* [DATA TO PROCESS]

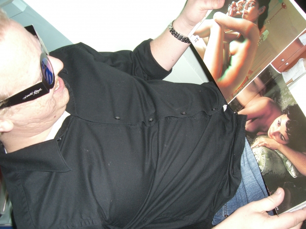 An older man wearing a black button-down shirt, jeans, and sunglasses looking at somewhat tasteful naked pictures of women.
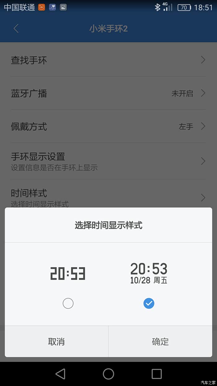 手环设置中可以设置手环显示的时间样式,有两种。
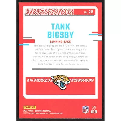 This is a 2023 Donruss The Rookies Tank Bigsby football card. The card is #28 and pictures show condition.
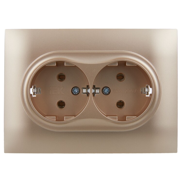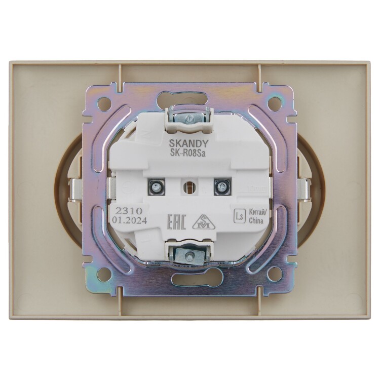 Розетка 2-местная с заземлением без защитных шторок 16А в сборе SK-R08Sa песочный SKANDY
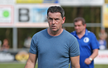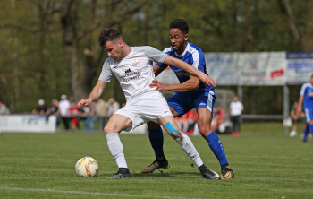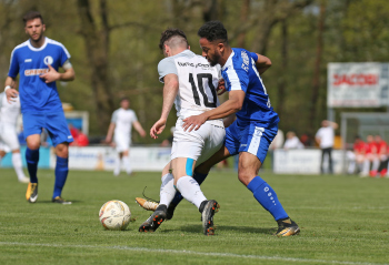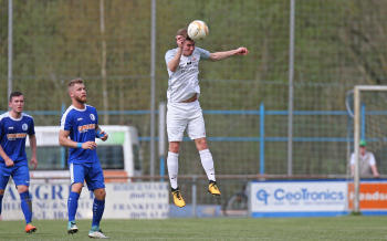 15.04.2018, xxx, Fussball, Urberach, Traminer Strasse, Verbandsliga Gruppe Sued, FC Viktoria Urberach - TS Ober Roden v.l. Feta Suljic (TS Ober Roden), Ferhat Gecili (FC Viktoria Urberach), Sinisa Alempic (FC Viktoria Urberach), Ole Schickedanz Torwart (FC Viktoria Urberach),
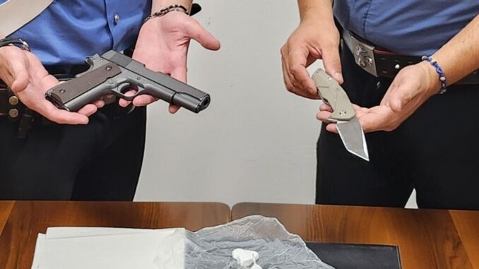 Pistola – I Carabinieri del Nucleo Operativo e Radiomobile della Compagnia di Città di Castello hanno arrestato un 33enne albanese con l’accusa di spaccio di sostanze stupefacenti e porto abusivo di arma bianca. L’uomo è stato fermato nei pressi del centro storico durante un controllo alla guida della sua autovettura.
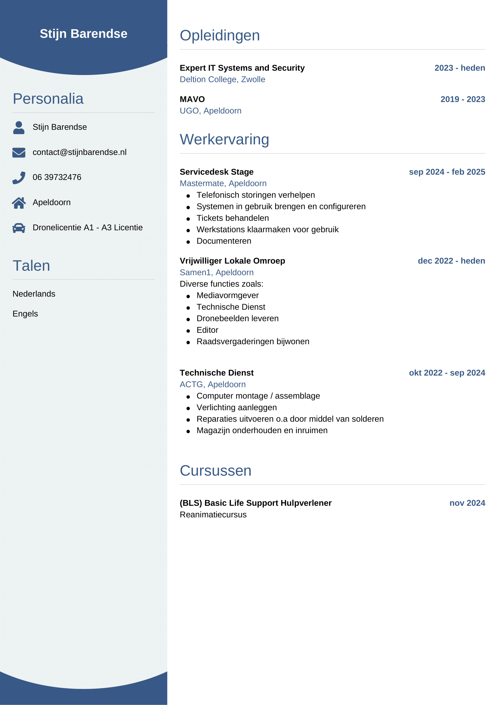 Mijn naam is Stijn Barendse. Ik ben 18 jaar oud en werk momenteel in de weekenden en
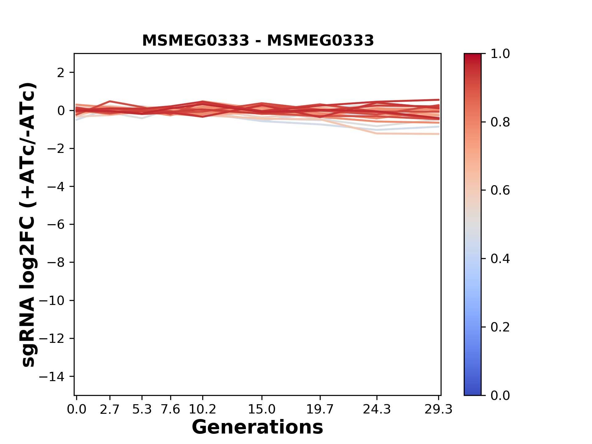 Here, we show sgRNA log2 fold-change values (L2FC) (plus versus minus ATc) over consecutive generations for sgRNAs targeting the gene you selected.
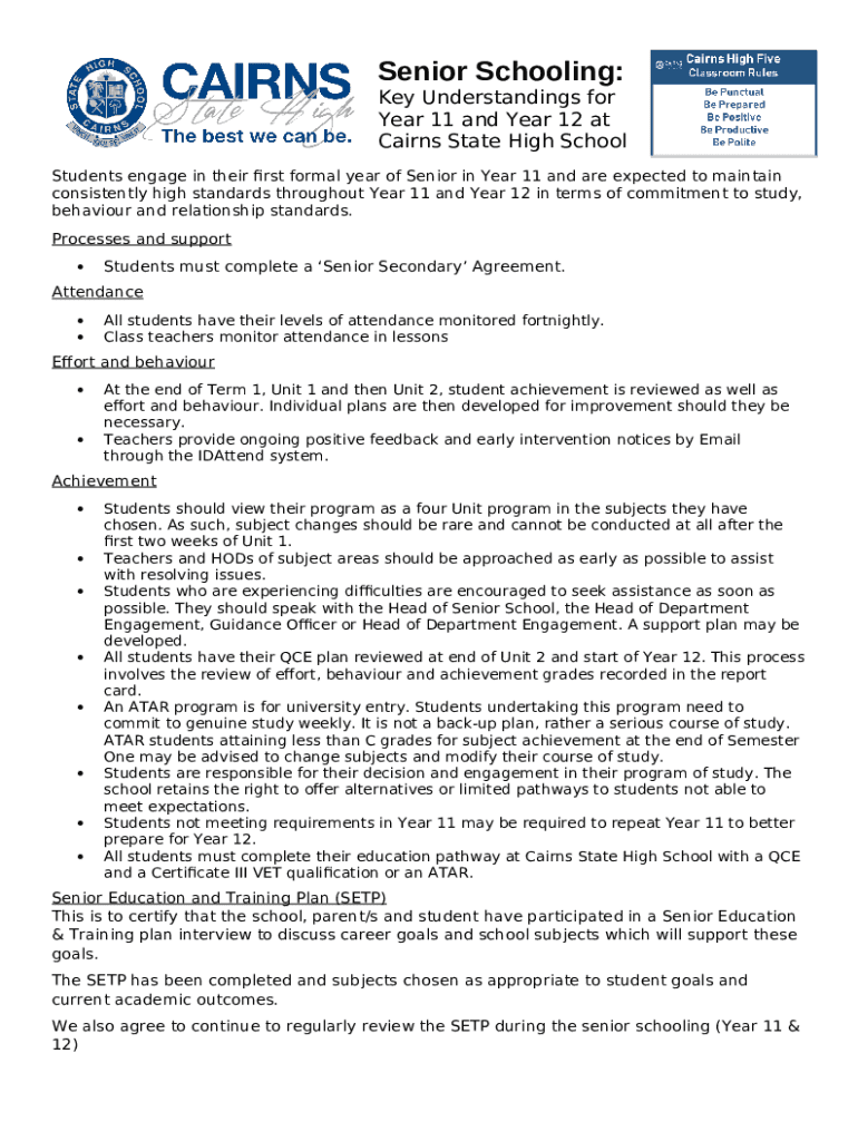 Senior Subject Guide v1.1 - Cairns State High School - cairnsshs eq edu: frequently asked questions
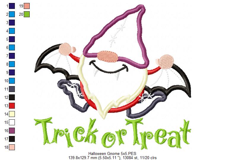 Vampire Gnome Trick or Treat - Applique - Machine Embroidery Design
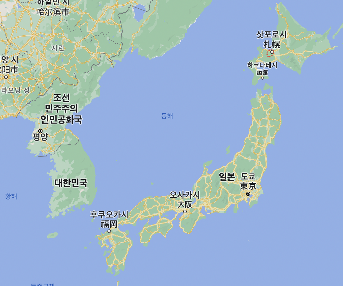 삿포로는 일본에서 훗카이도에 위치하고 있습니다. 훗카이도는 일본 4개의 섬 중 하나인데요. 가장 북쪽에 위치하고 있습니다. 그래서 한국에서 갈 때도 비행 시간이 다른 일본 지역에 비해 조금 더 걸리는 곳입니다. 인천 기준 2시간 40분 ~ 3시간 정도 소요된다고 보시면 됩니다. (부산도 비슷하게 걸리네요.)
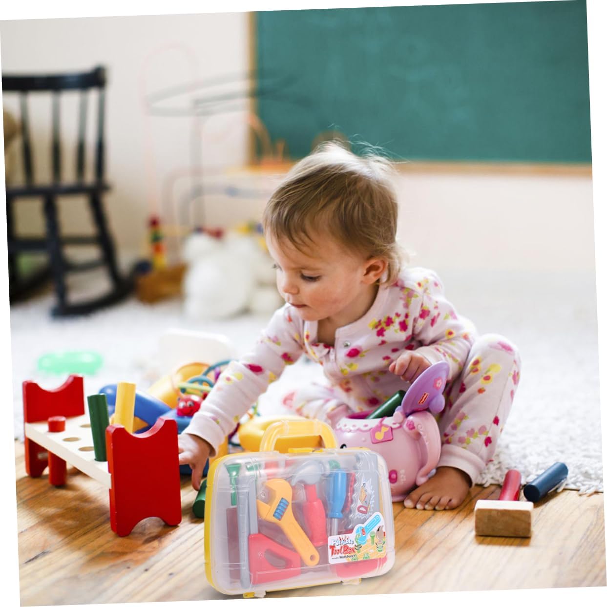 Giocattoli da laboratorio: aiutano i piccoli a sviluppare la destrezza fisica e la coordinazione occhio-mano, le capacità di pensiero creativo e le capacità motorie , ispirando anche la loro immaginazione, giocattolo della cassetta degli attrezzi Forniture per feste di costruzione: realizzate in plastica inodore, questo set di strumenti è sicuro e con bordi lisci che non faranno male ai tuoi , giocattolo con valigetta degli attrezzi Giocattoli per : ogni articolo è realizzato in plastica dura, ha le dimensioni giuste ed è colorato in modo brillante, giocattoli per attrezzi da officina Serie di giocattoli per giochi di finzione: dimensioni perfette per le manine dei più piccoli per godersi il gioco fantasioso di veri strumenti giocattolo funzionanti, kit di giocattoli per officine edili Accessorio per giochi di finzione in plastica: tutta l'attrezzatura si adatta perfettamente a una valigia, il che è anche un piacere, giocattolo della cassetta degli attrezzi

* [PROBLEM DETAILS] To answer, repeat exactly the lines from the line containing "Vampire Gnome Trick" through the last line of the data above, leaving out all pictures.

* [ANSWER BELOW]
 Vampire Gnome Trick or Treat - Applique - Machine Embroidery Design
 삿포로는 일본에서 훗카이도에 위치하고 있습니다. 훗카이도는 일본 4개의 섬 중 하나인데요. 가장 북쪽에 위치하고 있습니다. 그래서 한국에서 갈 때도 비행 시간이 다른 일본 지역에 비해 조금 더 걸리는 곳입니다. 인천 기준 2시간 40분 ~ 3시간 정도 소요된다고 보시면 됩니다. (부산도 비슷하게 걸리네요.)
 Giocattoli da laboratorio: aiutano i piccoli a sviluppare la destrezza fisica e la coordinazione occhio-mano, le capacità di pensiero creativo e le capacità motorie , ispirando anche la loro immaginazione, giocattolo della cassetta degli attrezzi Forniture per feste di costruzione: realizzate in plastica inodore, questo set di strumenti è sicuro e con bordi lisci che non faranno male ai tuoi , giocattolo con valigetta degli attrezzi Giocattoli per : ogni articolo è realizzato in plastica dura, ha le dimensioni giuste ed è colorato in modo brillante, giocattoli per attrezzi da officina Serie di giocattoli per giochi di finzione: dimensioni perfette per le manine dei più piccoli per godersi il gioco fantasioso di veri strumenti giocattolo funzionanti, kit di giocattoli per officine edili Accessorio per giochi di finzione in plastica: tutta l'attrezzatura si adatta perfettamente a una valigia, il che è anche un piacere, giocattolo della cassetta degli attrezzi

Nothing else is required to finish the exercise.